Edmilson is applying for this award because Westminster is where it all started as a small society and today he is able to be the change he wants to see in the world by helping a significant amount of people. As they are in the process of building a first school in Angola, he is more confident that such milestones deserve more light and he hopes that by winning this award he can inspire more people to change the world how they can, where they are and with whatever they have and show the world why he always says Westminster is the place that made him despite all the other universities he attended.

Joshua Imuere

Computing BSc, 2002

Joshua Imuere, Social Impact Award finalist


Since graduating, Joshua has embarked on a career in the voluntary and community sector, serving and transforming the lives of some of society’s most vulnerable communities over the last seventeen years.

From the very first role as an IT Skills trainer within an employability programme at Pecan Ltd, Joshua spent five years in total there equipping Southwark residents with Microsoft Office suite skills and in the last two years he was promoted to lead the department as team leader. He was able to obtain a teaching qualification during this process that helped shaped his interest in educational inequality and links with social mobility.
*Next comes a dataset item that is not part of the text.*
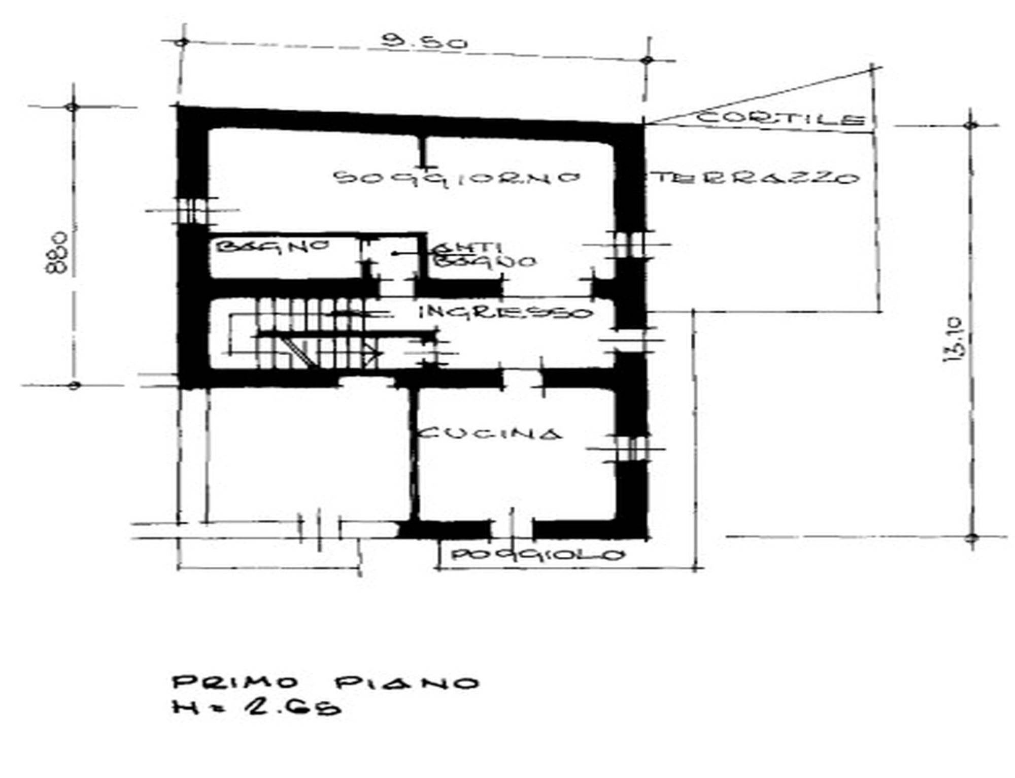 Piena proprietà di immobile ristrutturato negli anni '90, si articola su quattro piani. Si accede all'immobile dal piano terra ed attraverso un vano scala si prosegue al piano primo e da questo con scala interna al piano secondo ed ancora al piano sottotetto. Il piano terra è adibito a cantine e locali realizzati al grezzo. L'edificio si presenta con la zona giorno (piano primo) composta da cucina, sala soggiorno, un wc, due balconi ed un terrazzo (al grezzo) che sovrasta un locale a suo tempo adibito a stalla; zona notte (situata al piano secondo) tre camere da letto, bagno e balcone. Il piano sottotetto risulta da ultimare, non è abitabile ed è adibito a deposito.

He then secured a fairly high-profile role with public sector youth organisation Connexions as an apprenticeship broker. This enabled him to support over a hundred 16-18 year olds into relevant courses with adjourning work placements. It was particularly satisfying being able to secure work placements for young people for who it was their first experience or who were at risk in some way and needed the opportunity to an extent even more than others in the cohort.

Joshua has had the privilege now of being the chief executive of two youth charities, both past and present. In 2011 he was promoted from programme manager to CEO whilst at Southside Young Leaders Academy, the early intervention charity whose mission is to reduce permanent school exclusion which at the time was disproportionately impacting on black and minority ethnic boys. Significant highlights during this period include setting up a coding club using Raspberry Pi devices and securing over eighteen bursary places at leading independent schools for these young people. Joshua also completed a masters in educational policy.

Joshua currently leads Art Against Knives, which is a North London-based youth charity that uses creativity to support young people at risk of exploitation often living in difficult environments. Joshua joined AAK in July 2019 and is now focussing on the development of the strategy to build on their rich history and continue to support more young people, both in breadth and depth.

Joshua’s family migrated to the UK, and Joshua had difficulties navigating through education and employment. The support and right environment he had is why he is where he is today and thereby within his 'DNA' lies the need to do so for others.